There’s no denying the benefits of bilingualism for kids. Other than having double the arsenal of words and concepts under their belt, there’s an ongoing buzz around ‘the bilingual edge’, with attributes such as increased creativity and advanced problem-solving skills being linked to bilingualism. But, the fact remains that learning two languages, especially the one you don’t speak regularly, is hard. That’s why it’s important to enroll your child into the right program.

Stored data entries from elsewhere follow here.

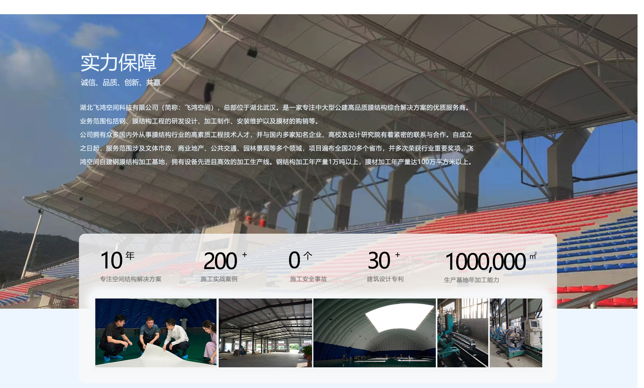 湖北飞鸿空间科技有限公司(简称:飞鸿空间),总部位于湖北武汉。是一家专注中大型公建高品质膜结构综合解决方案的优质服务商。业务范围包括钢、膜结构工程的研发设计、加工制作、安装维护以及膜材的购销等。公司拥有众多国内外从事膜结构行业的高素质工程技术人才,并与国内多家知名企业、高校及设计研究院有着紧密的联系与合作。自成立之日起,服务范围涉及文体市政、商业地产、公共交通、园林景观等多个领域,项目遍布全国20···
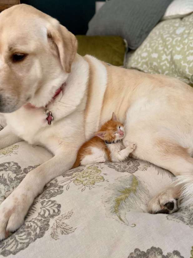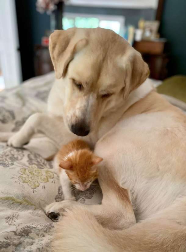 超有愛!中途汪遇到「孤兒小奶貓」超憐惜 一手攬過來:我照顧你們♡
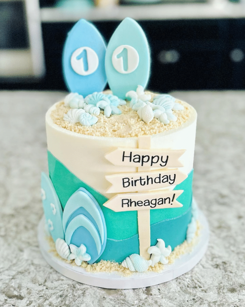 Surf-Inspired Birthday Cake with Fun Beach Elements
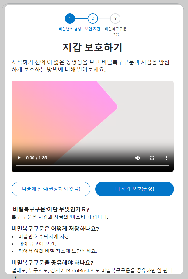 내 지갑 보호(권장) 클릭
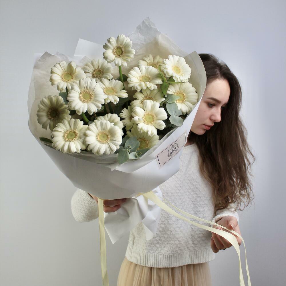 Нежный кремовый букет из 17 гербер. Букет может немного отличаться от фото. Несколько раз в неделю мы получаем цветы из разных уголков планеты, и они имеют свойство отличаться. При этом мы гарантируем соблюсти цветовую гамму и стиль букета.
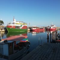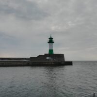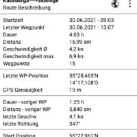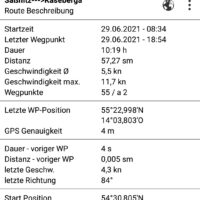Es war nicht einfach, Jockel zu überzeugen nicht gleich früh Richtung Saßnitz zu segeln, da der Wind erst ab 14:00 Uhr kommen sollte. Also wurde die Zeit vorher genutzt, den Hafen Peenemünde Süd und Kröslin anzulaufen, vorrangig um Wasser zu bekommen. Und dann noch 1½h Badepause für Hillu. 12:13 Uhr gab es kein Halten mehr, Anker hoch und gegen den Wind mit Motor in der Fahrrinne. 13:05 Uhr konnte der Motor aus, bei Wind aus NW mit 5kn ging das gerade. Und siehe da, 13:43Uhr kam wie aus dem Nichts der vorausgesagte Wind aus ONO mit 9kn. Und so ging es hoch am Wind mit über 5kn Speed vorbei am Süd- und Nordperd bis kurz vor Saßnitz. Alles in allem ein schöner Tag, der mit Einkaufen und Fischessen im „Kutterfisch“ ein gutes Ende fand.
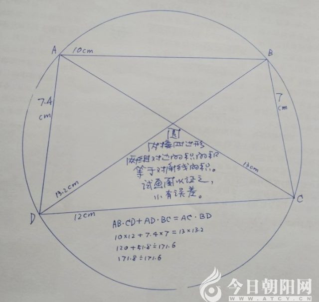 次日,青山一發(fā)找來一個(gè)圓形器皿蓋兒畫了個(gè)圓,拿刻度尺畫了個(gè)圓內(nèi)接四邊形,再畫上對(duì)角線,度量,計(jì)算,驗(yàn)證……不會(huì)證明就得實(shí)測(cè)。
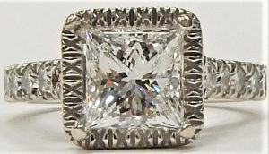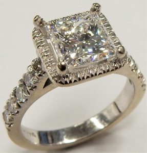 The square halo features decorative filigree accents and 20 hand set petite round brilliant cut diamonds. The 6.95mm wide shoulders are covered by an additional 42 round and princess cut diamonds, bead, and channel set halfway across the ring. Together they equal 1.50 carats of VS-H quality, perfectly matching their main diamond.

So how can kids gain this ‘edge’? One of the most effective ways to implement a bilingual immersion program is by using the target language as the instructional language. For example, using Chinese to teach classes to English speakers. But should schools be the sole developer of a child’s character and education? Or do parents have to put in a little elbow grease too? We turned to the experts to get their take on parental involvement in bilingual education, the benefits of bilingualism, and how different schools give their students the ‘edge’…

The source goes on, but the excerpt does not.